Data:

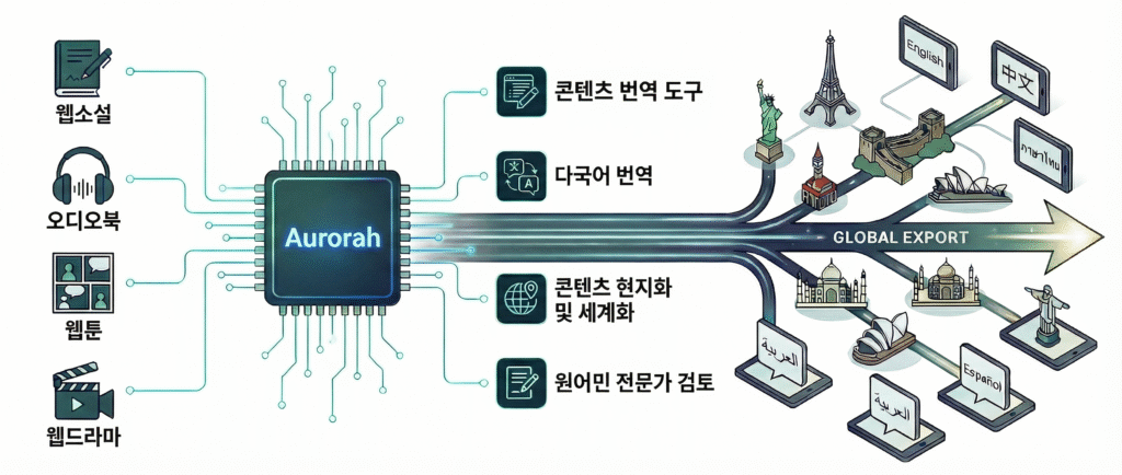 핵심 기술인 ‘오로라’는 평균 100만 자 내외의 장편 웹소설 전체 맥락을 유지하는 독자 기술을 탑재했다. 이를 통해 서사의 흐름과 캐릭터의 어조를 일관되게 처리하여 기존 기계 번역의 한계를 보완했다. 또한 AI가 초벌 번역을 수행하고 전문 번역가가 전용 에디터로 검수하는 협업 프로세스를 구축해 비용 효율성과 번역 품질을 동시에 확보했다.
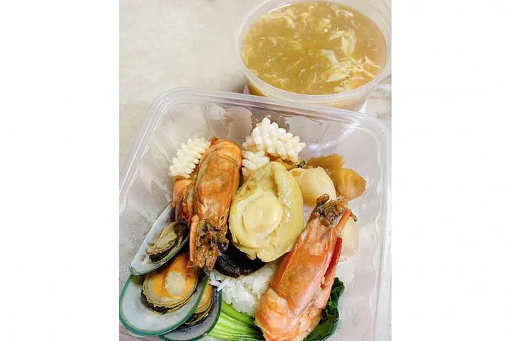 A real steal, considering the amount of seafood - a whole mid-sized Tasmanian abalone, two large prawns, two scallops, three mussels, squid and fried fish fillet - stacked on the rice and cooked to perfection. It comes with ample egg-thickened brown gravy, packed separately, so you can keep half for your home cooking.
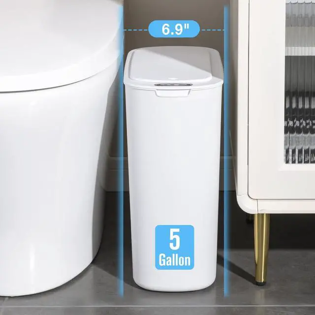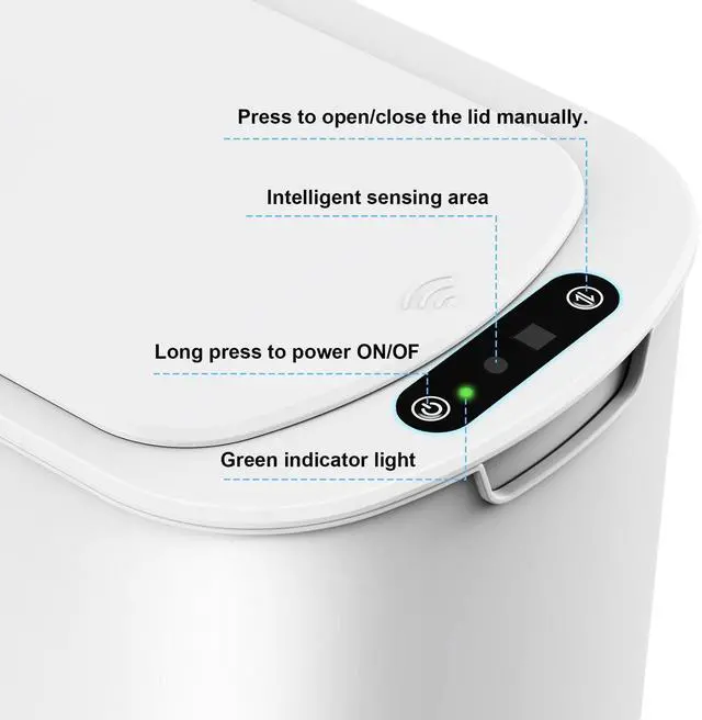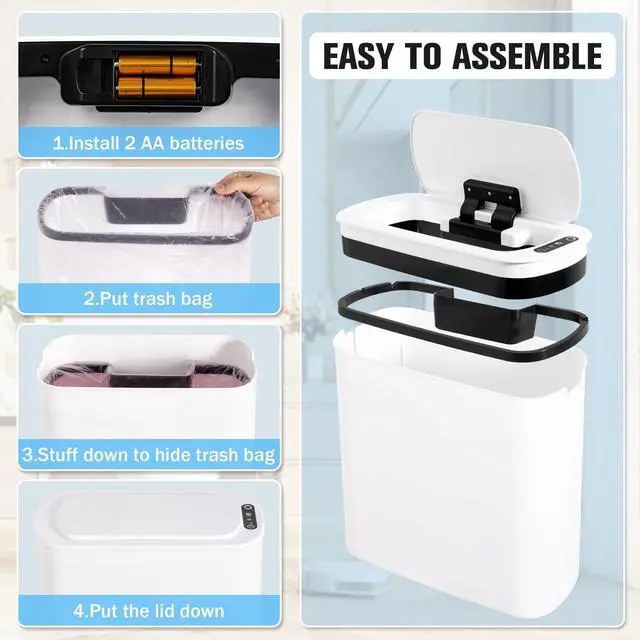 Make daily trash duty easy and clean with Cesun 5 Gallon Trash Can with Lid ! Whether you put it next to your bathroom toilet, office workstation, living room or that narrow spot in the bedroom, this automatic bathroom trash can fits your space. Thanks to its advanced infrared technology, just wave your hand near it, then the lid pops open, keeping your hands clean and touch-free. It is a perfect gift for busy new parents, office workers, mobility-challenged people or anyone who wants things easier. The office trash can is quite easy to assembly. All it needs is 2 AA batteries (we dont include them, but theyre easy to find) and ready to use. We know small spaces are precious, so its slim shape right into compact spots without taking too much space on room. Unlike smaller touchless trash can that can only hold a little trash, this bathroom garbage can holds days of trash, so you dont have to run to the curb as often. Theres a little removable ring inside the bedroom trash can that keeps garbage bags from slipping or hanging over, so everything looks neat. This litter zero trash can comes with a polished plastic finish and you can wipe it clean in no time. The bathroom trash with lid keep bad smells from getting out, so your space stays fresh and nice. This isnt just a trashcanits a little upgrade that makes daily life nicer, cleaner, and way less of a hassle.
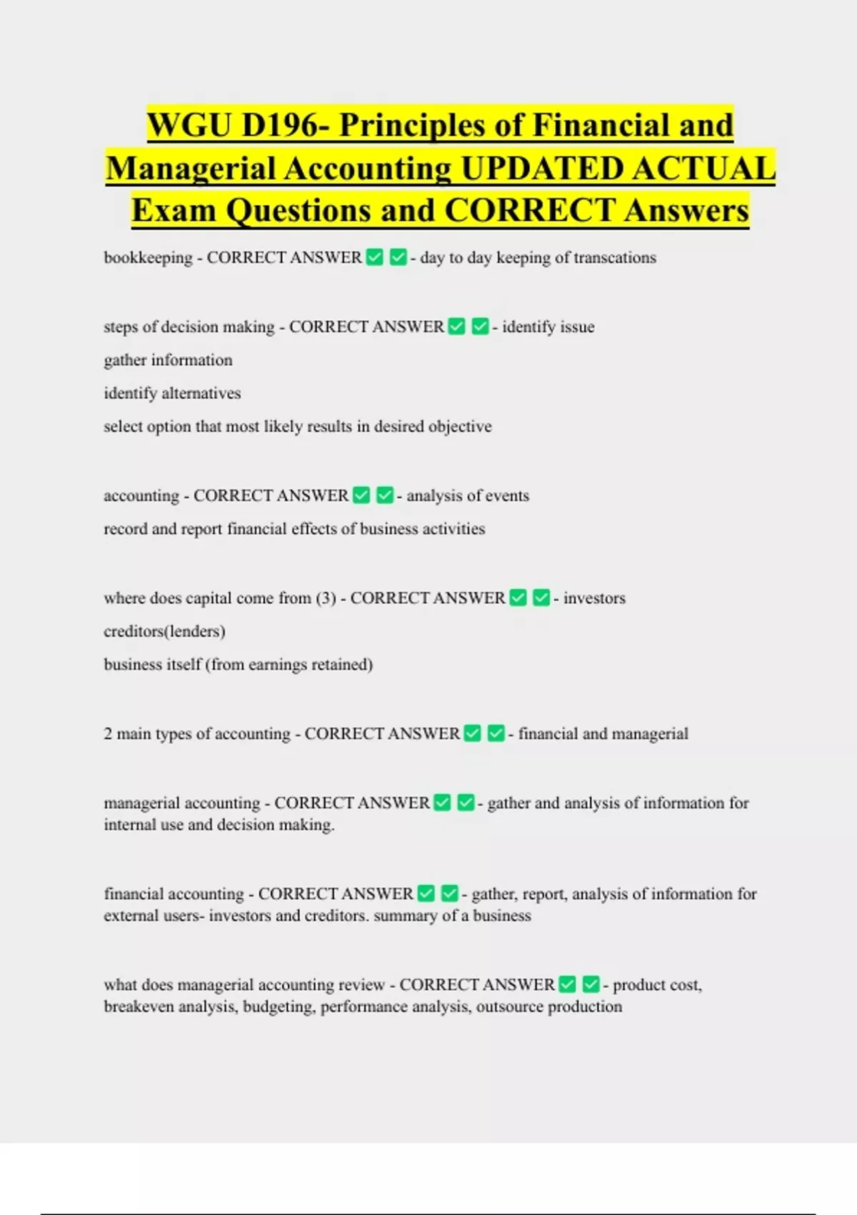 WGU D196- Principles of Financial and Managerial Accounting UPDATED ACTUAL Exam Questions and CORRECT Answers

Your task:
Restate the lines above exactly, from the one bearing "A real steal, considering" through the final line of the material, both included, omitting pictures.

The answer:
 A real steal, considering the amount of seafood - a whole mid-sized Tasmanian abalone, two large prawns, two scallops, three mussels, squid and fried fish fillet - stacked on the rice and cooked to perfection. It comes with ample egg-thickened brown gravy, packed separately, so you can keep half for your home cooking.
 Make daily trash duty easy and clean with Cesun 5 Gallon Trash Can with Lid ! Whether you put it next to your bathroom toilet, office workstation, living room or that narrow spot in the bedroom, this automatic bathroom trash can fits your space. Thanks to its advanced infrared technology, just wave your hand near it, then the lid pops open, keeping your hands clean and touch-free. It is a perfect gift for busy new parents, office workers, mobility-challenged people or anyone who wants things easier. The office trash can is quite easy to assembly. All it needs is 2 AA batteries (we dont include them, but theyre easy to find) and ready to use. We know small spaces are precious, so its slim shape right into compact spots without taking too much space on room. Unlike smaller touchless trash can that can only hold a little trash, this bathroom garbage can holds days of trash, so you dont have to run to the curb as often. Theres a little removable ring inside the bedroom trash can that keeps garbage bags from slipping or hanging over, so everything looks neat. This litter zero trash can comes with a polished plastic finish and you can wipe it clean in no time. The bathroom trash with lid keep bad smells from getting out, so your space stays fresh and nice. This isnt just a trashcanits a little upgrade that makes daily life nicer, cleaner, and way less of a hassle.
 WGU D196- Principles of Financial and Managerial Accounting UPDATED ACTUAL Exam Questions and CORRECT Answers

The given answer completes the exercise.